CLiC-it Best Student Paper

AILC awards a prize for the best “student paper” with the aim of stimulating and recognizing works presented at the CLiC-it annual conference by young researchers.

The prize is awarded to articles that meet the following criteria: (i) the first author appears as a doctoral or master’s degree student on the date of submission and (ii) the article is presented at the conference by the student himself.

Entries are evaluated by a three-member jury, including at least one of the organizers (co-chair) of the CLiC-it conference. The choice of the award winner is unanimous.

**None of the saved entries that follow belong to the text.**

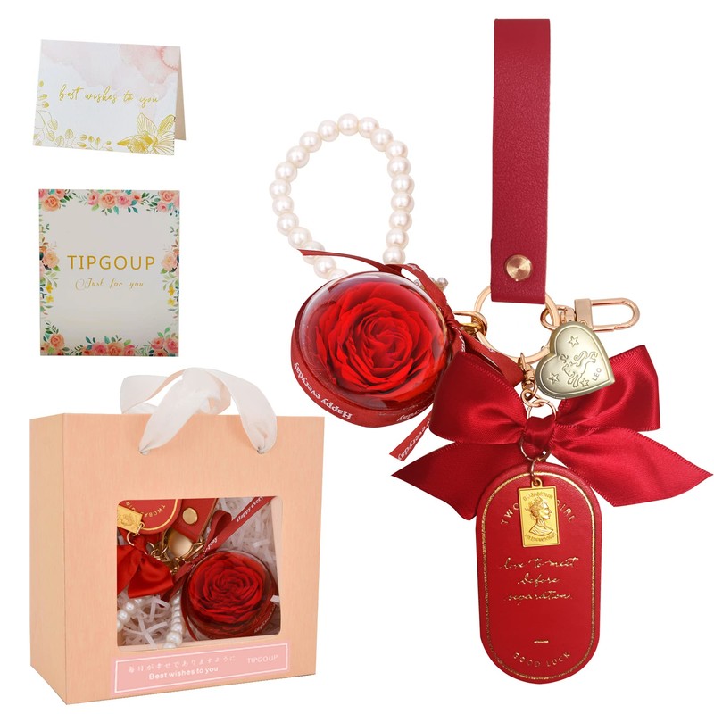TIPGOUP Birthday Present for Women, Popular, Preserved Flowers, Key Chain, Flowers that Never Wither, Sixtieth Birthday Celebration, Retirement Gift, Mother, Girlfriend, Wife, Anniversary, Valentine's Day, Mother's Day, Christmas, Housewarming Gift, Red Rose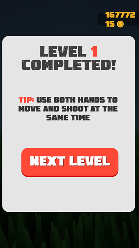 1、游戏的操作方式非常简单,左边屏幕控制移动,右边屏幕进行自动的瞄准射击。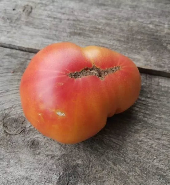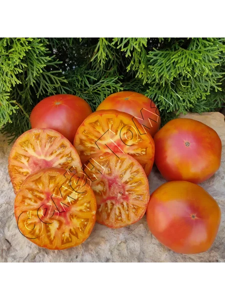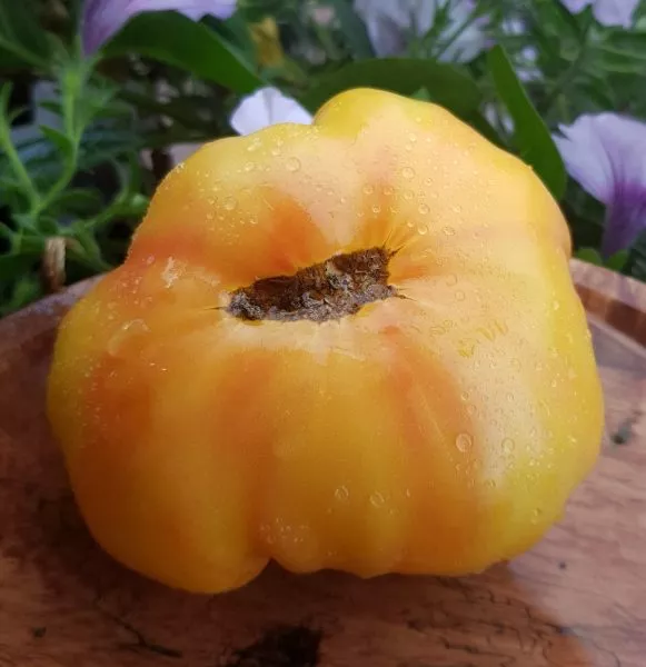 Главная визуальная привлекательность сорта заключена в плодах. Их форма плоскоокруглая, с выраженными, иногда ребристыми «плечиками», что характерно для многих биф-томатов (крупноплодных сортов с мясистой мякотью).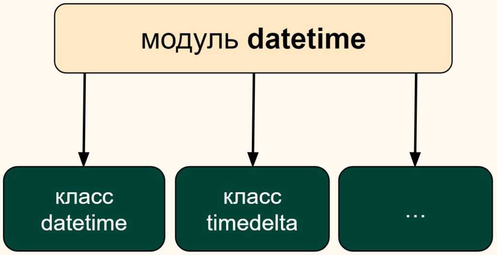 Первая особенность, про которую стоит сказать, datetime — это не только название модуля, но и название одного из классов внутри этого модуля. Помимо класса datetime, нас будет интересовать ещё один класс — timedelta.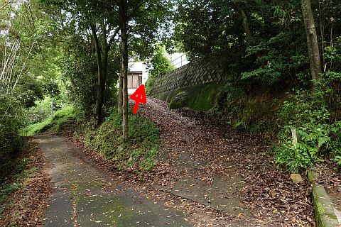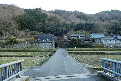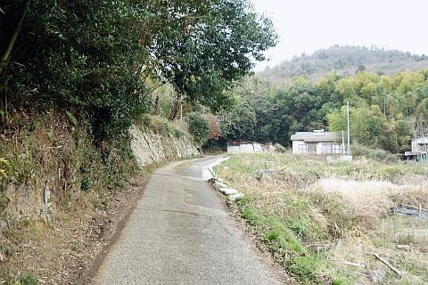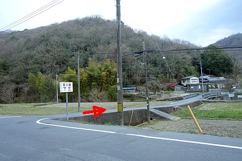 下在橋を渡って十字路に戻り、細道を南へ56m上る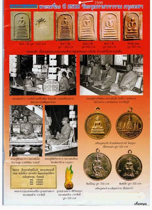 พระชุดนี้สร้างขึ้นในปีพ.ศ. 2508 โดยทางวัดอรุณฯ.ได้ทำการสร้างพระชุดนี้ เพื่อเป็นอนุสรณ์ในวาระ 100 ปีของพระเครื่องสมเด็จพุฒาจารย์ (โต) พรหมรังสี ทางวัดได้ผสมมวลสารผงสมเด็จเก่า และสรรพมวลสารวิเศษมากมาย..... -ผงสมเด็จวัดระฆัง และผงบางขุนพรหมอย่างเข้มข้น -ผงธูปตามสถานที่พระพระพุทธรูปสำคัญ อาทิ พระแก้วมรกต,หลวงพ่อโสธร,หลวงพ่อชินราช,หลวงพ่อวัดบ้านแหลม,หลวงพ่อชัยมงคลจินดามณี,ศาลเจ้าพ่อหลักเมือง เป็นต้น -ดินสถานที่สำคัญต่างๆ -ดินสังเวชนีย์สถานสี่ตำบล -ว่าน 400 กว่าชนิด -เกสรดอกไม้ 108 -น้ำมนต์วัดพระแก้ว,น้ำมนต์พ่อท่านคล้าย -ชานหมากพ่อท่านคล้าย ผงอิทธิเจพ่อท่านคล้าย เป็นต้น โดยมีพิธีพุทธาภิเษกอันยิ่งใหญ่ พร้อมพระเกจิอาจารย์ 109 รูป ร่วมพิธี อาทิ 1. พ่อท่านคล้าย วัดสวนขัน 2. หลวงปู่นาค วัดระฆัง กรุงเทพฯ 3. หลวงพ่อเอีย วัดบ้านด่าน 4. หลวงพ่อเงิน วัดดอนยายหอม จ.นครปฐม 5. หลวพ่อเนื่อง วัดจุฬามณี 6. หลวงพ่อเต๋ คงทอง วัดสามง่าม 8. หลวงพ่อ แทน วัดธรรมเสน ฯลฯ 9. หลวงพ่อชื่น วัดตำหนักเหนือ 10. เจ้าคุณ นรฯ วัดเทพศิรินทร์ (มาโดยญาณ) 11. หลวงปู่เทียน วัดโบสถ์ ปทุมธานี 12. หลวงพ่อทอง วัดจักรวรรดิ์ เป็นต้น และตามใบฝอยแจ้งไว้ว่า พระรูปที่ 109 คือ ท่านเจ้าคุณนรฯ. ยังเพ่งอธิษฐานจิตมาจากวัดเทพศิรินทร์อีกด้วย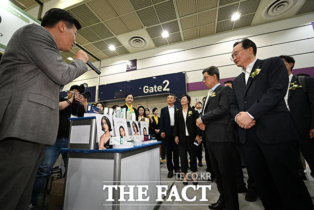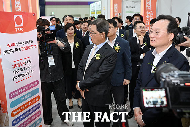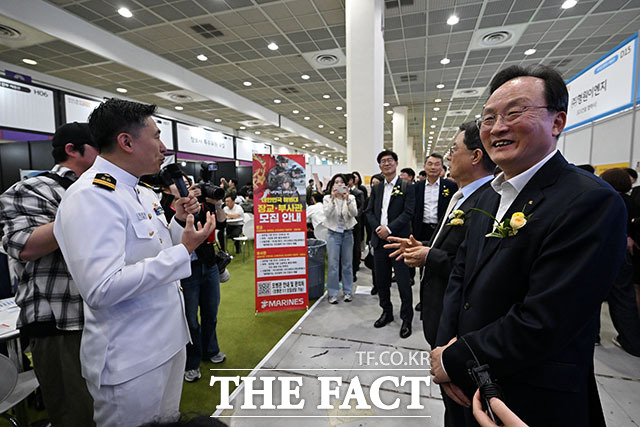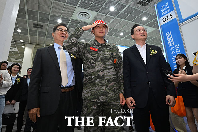 [더팩트ㅣ서예원 기자] 이달곤 동반성장위원회 위원장(왼쪽)과 이환주 KB국민은행장이 27일 오전 서울 강남구 삼성동 코엑스에서 열린 ‘2026 1차 KB굿잡 우수기업 취업박람회’에서 군 간부 채용관을 둘러보고 있다.
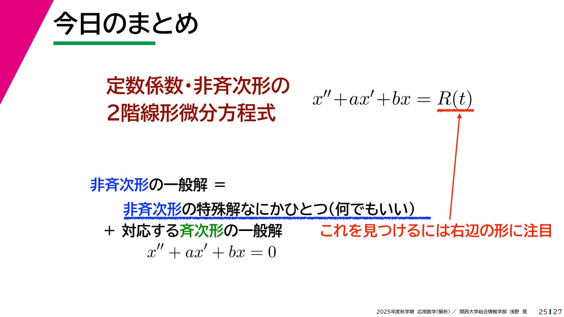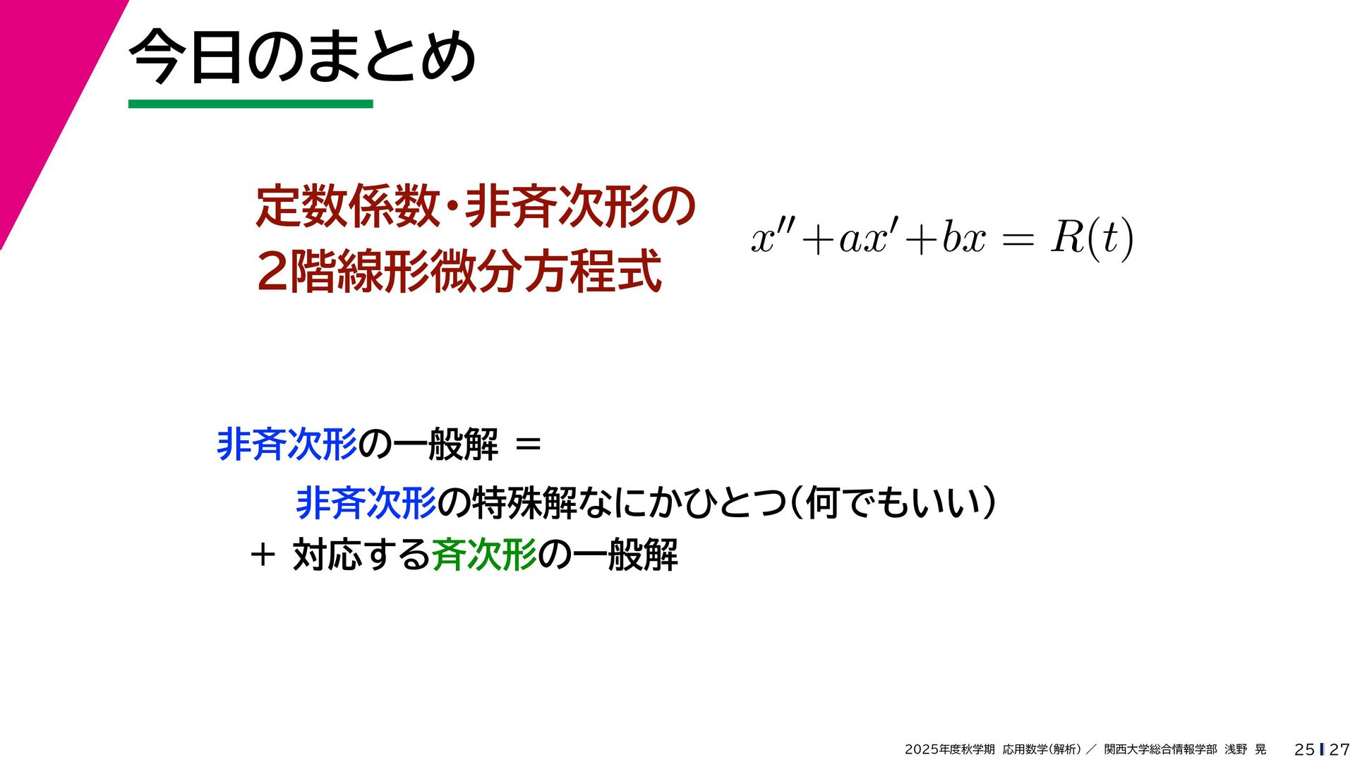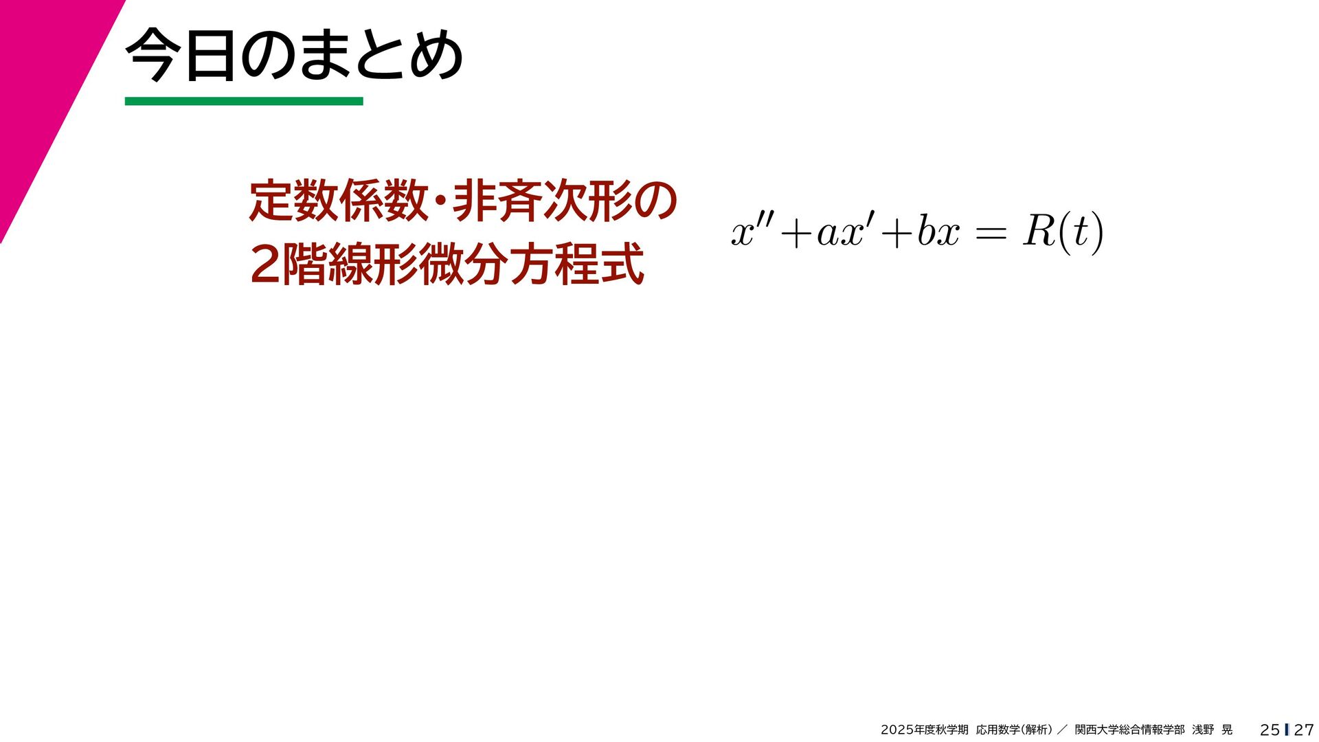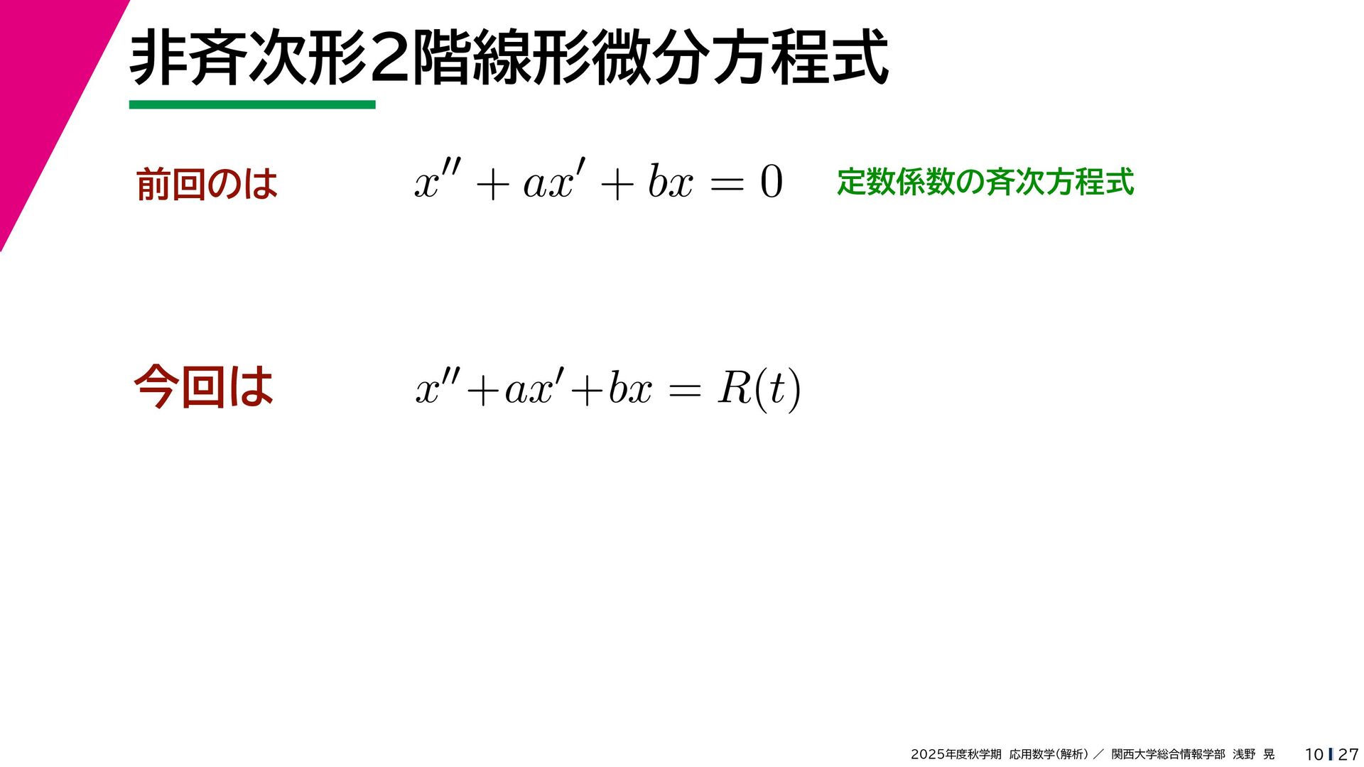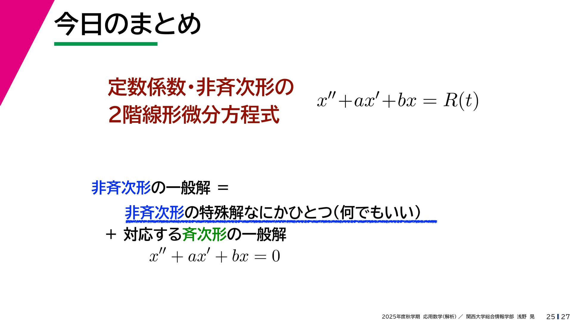 A cos 2t , なので, を元の方程式に代入すると x′ = − 2A sin 2t x′ ′ = − 4A cos 2t x′ , x′ ′ これが t に関係なくなりたつから, A = − 1 3 非斉次形の方程式の特殊解(のひとつ)は x = − 1 3 cos 2t x′′ + x = cos 2t このように「勘」をはたらかせる −4A cos 2t + A cos 2t = cos 2t (−4A + A − 1)cos 2t = 0 あとは,対応する斉次形の方程式 の一般解を求めてください。 x′ ′ + x = 0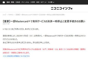 ニコニコは、一部Mastercardでの有料サービスの決済を11月8日22時頃より一時停止した。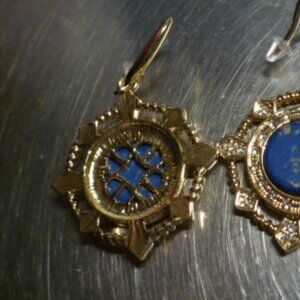 Really pretty and unusual yellow goldtone earrings in an open medallion setting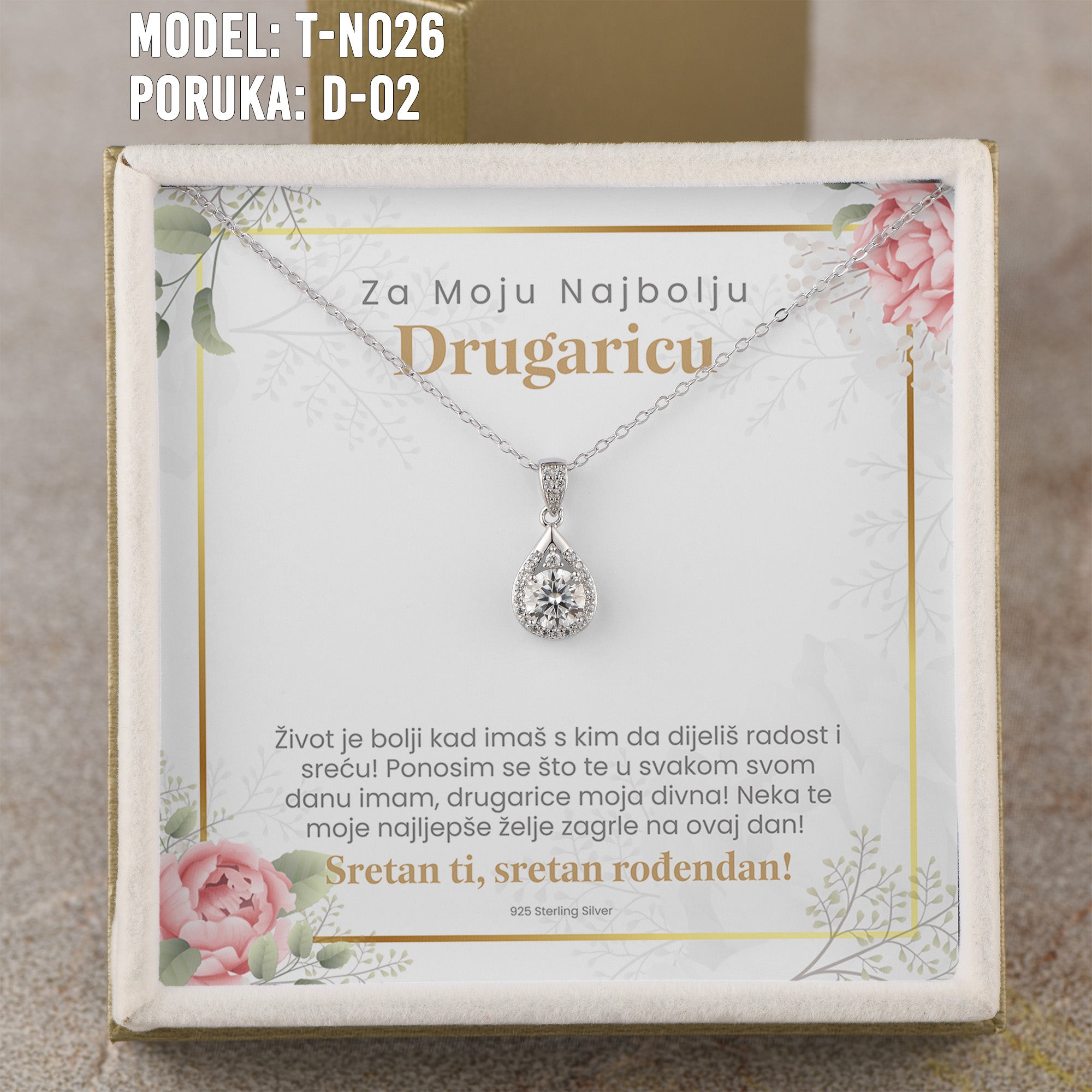 Za Moju Najbolju Drugaricu - 925 Srebreni Lančić Kapljica Vode - Poklon za Drugaricu sa Poruko Sretan Rođendan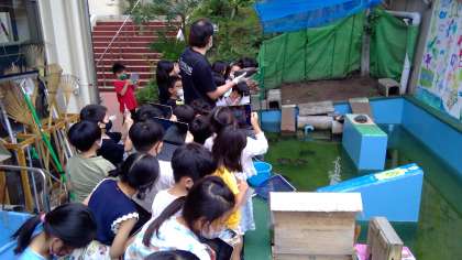 生活科では、虫やカエルなどの生き物の様子について調べたり、教室で飼育して観察したりしています。先日、主事さんに学校の亀の生態についてお話していただきました。写真を撮ったり、メモに記録したりと集中して話を聞いていました。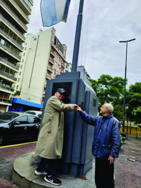 Izaron la enseña patria Carlos Susini, presidente de la Junta de Estudios Históricos del Caballito y Carlos Nucho Príncipe, destacado comerciante del barrio.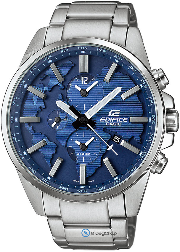 Zegarek męski ETD-300D-2AVUEF marki Casio to stylowe połączenie funkcjonalności oraz modnego designu. Model ten w gamie innych zegarków tego producenta występuje w kolekcji Casio Edifice. Charakterystyczną konstrukcję czasomierza osiągnięto z pomocą tarczy w kolorze niebieskim. Zaprezentowana metodą analogową bieżąca godzina jest czytelna i szybka do odczytania. Koperta szeroka jest na 46 mm oraz ma grubość 14 mm.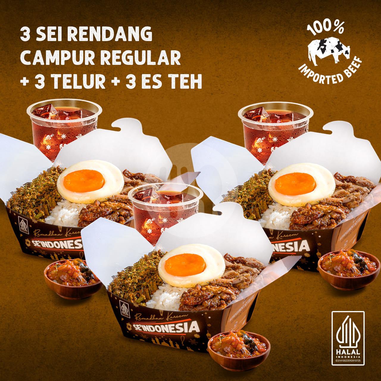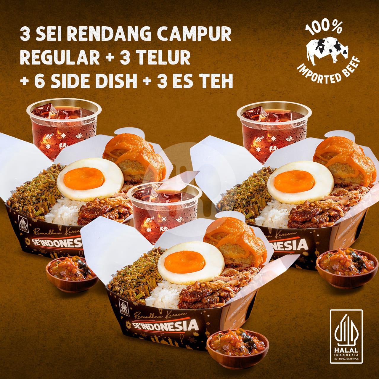 3 Ricebox Sei Campur Rendang Reguler + 3 Telur Mata Sapi + 3 Es Teh Celoteh

The authors of the award-winning article are invited to submit an extended version of their work to IJCoL (Italian Journal of Computational Linguistics).

List of winners:

  • 2023: Andrea Santilli, Emanuele Rodolà. Camoscio. An Italian Instruction-tuned LLaMA.
    Federico Bianchi, Giuseppe Attanasio, Raphael Pisoni, Silvia Terragni, Gabriele Sarti, Dario Balestri. Contrastive Language–Image Pre-training for the Italian
  • 2021: Tolulope Ògúnrẹ̀mí, Nazanin Sabri, Valerio Basile and Tommaso Caselli. Leveraging Bias in Pre-trained Word Embeddings for Unsupervised Microaggression Detection.
  • 2020: Marco Gaido, Mattia Antonino Di Gangi, Matteo Negri, Marco Turchi. On Knowledge Distillation for Direct Speech Translation.
  • 2019: Simon Preissner, Aurelie Herbelot. To Be Fair: A Case for Cognitively-Inspired Models of Meaning.
  • 2018: Danilo Croce, Daniele Rossini, Roberto Basili. On the Readability of Deep Learning Models: the role of Kernel-based Deep Architectures.
  • 2017: Ludovica Pannitto, Lavinia Salicchi, Alessandro Lenci. AHyDA: Automatic Hypernym Detection with feature Augmentation.
  • 2016: Edoardo Maria Ponti, Elisabetta Jezek, Bernardo Magnini. Grounding the Lexical Sets of Causative-Inchoative Verbs with Word Embedding.
  • 2015: Daniele Bonadiman, Aliaksei Severyn, Alessandro Moschitti. Deep Neural Networks for Named Entity Recognition in Italian.
  • 2014: Pierpaolo Basile, Annalina Caputo, Giovanni Semeraro. Analysing Word Meaning over Time by Exploiting Temporal Random Indexing.